One of the smaller galaxies that went into making up our galaxy has been found hiding near the core of the Milky Way. The discovery suggests our galaxy had an unusually turbulent start to its life by the standards of spiral galaxies.
Astronomers have known for a long time that large galaxies like the Milky Way are built out of smaller ones. However, it is only recently we have been able to identify traces of former galaxies within our own. Now technology has evolved to the point where we can track the movements and spectra of vast numbers of stars at the same time, results in this field are coming thick and fast. Just last week a study of globular clusters provided evidence for the size of the mysterious Kraken Galaxy, and the time at which the Milky Way consumed it.
Now another component galaxy has been added to the story, but this one has a major difference from the others we have seen, with many of its stars located within 13,000 light-years of the Milky Way's core, rather than dispersed across the halo. The obscuring clouds of dust between us and the center of the galaxy have helped prevent us from seeing these stars clearly before, and therefore identifying their origins.
“To find a fossil galaxy like this one, we had to look at the detailed chemical makeup and motions of tens of thousands of stars,” said Dr Ricardo Schiavon of Liverpool John Moores University in a statement. To do that, looking towards the Milky Way's center was once impossible, but the Apache Point Observatory Galactic Evolution Experiment (APOGEE) changed that, using infrared observations to peer through the obscuring dust.
“Of the tens of thousands of stars we looked at, a few hundred had strikingly different chemical compositions and velocities,” graduate student Danny Horta said. The stars in question were so low in metals compared to their neighbors, and so fast-moving, the authors concluded they must have originated in another galaxy.

In Monthly Notices of the Royal Astronomical Society Horta and co-authors have named the former galaxy Heracles, a nod to the Greek myth where the Milky Way was formed when the demigod (Hercules is his Roman incarnation) was pushed away from Hera's breast.

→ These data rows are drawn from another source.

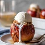 These Bourbon Baked Apples are a cozy, delicious dessert perfect for fall or any time you crave a warm, comforting treat. Large Honeycrisp apples are cored and filled with a spiced oat and brown sugar mixture, complemented by the rich flavors of bourbon and apple cider. Baked until tender and caramelized, these apples are served warm with a scoop of cinnamon, pumpkin, or vanilla ice cream for an indulgent finish.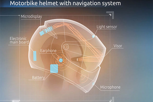 這解決方案要從俄羅斯說起,或許你沒有到過俄羅斯,但從網路上許多影片與訊息的分享,你可以知道這當地交通的混亂情形,對此,一群志同道合的發明家發起了LiveMap企劃,他們要把安全帽與衛星導航系統結合,讓你只要用嘴巴下指令,你就可以從安全帽裡的投射畫面,獲得一切導航訊息。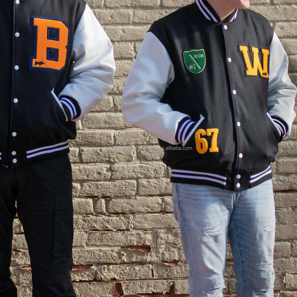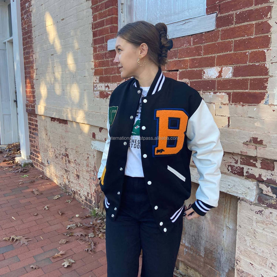 Patchs de broderie en chenille personnalisés 100% laine corps manches en cuir hommes femmes veste universitaire

Heracles is thought to have been absorbed into our galaxy around 10 billion years ago, close in time to the capturing of several other small galaxies, suggesting an unusually active period for a galaxy of this type. The paper proposes its stars had a combined mass around 500 million times that of the Sun. That's twice the stellar mass of the next largest consumed galaxy, known as Gaia-Enceladus/Sausage.
Former galaxies make up much of the Milky Way's halo, and the authors estimate remnants of Heracles account for a third of the halo's stars. Unlike the other small galaxies, however, many Herculean stars have remained together, concentrated into part of the bulge that sits above and below the core.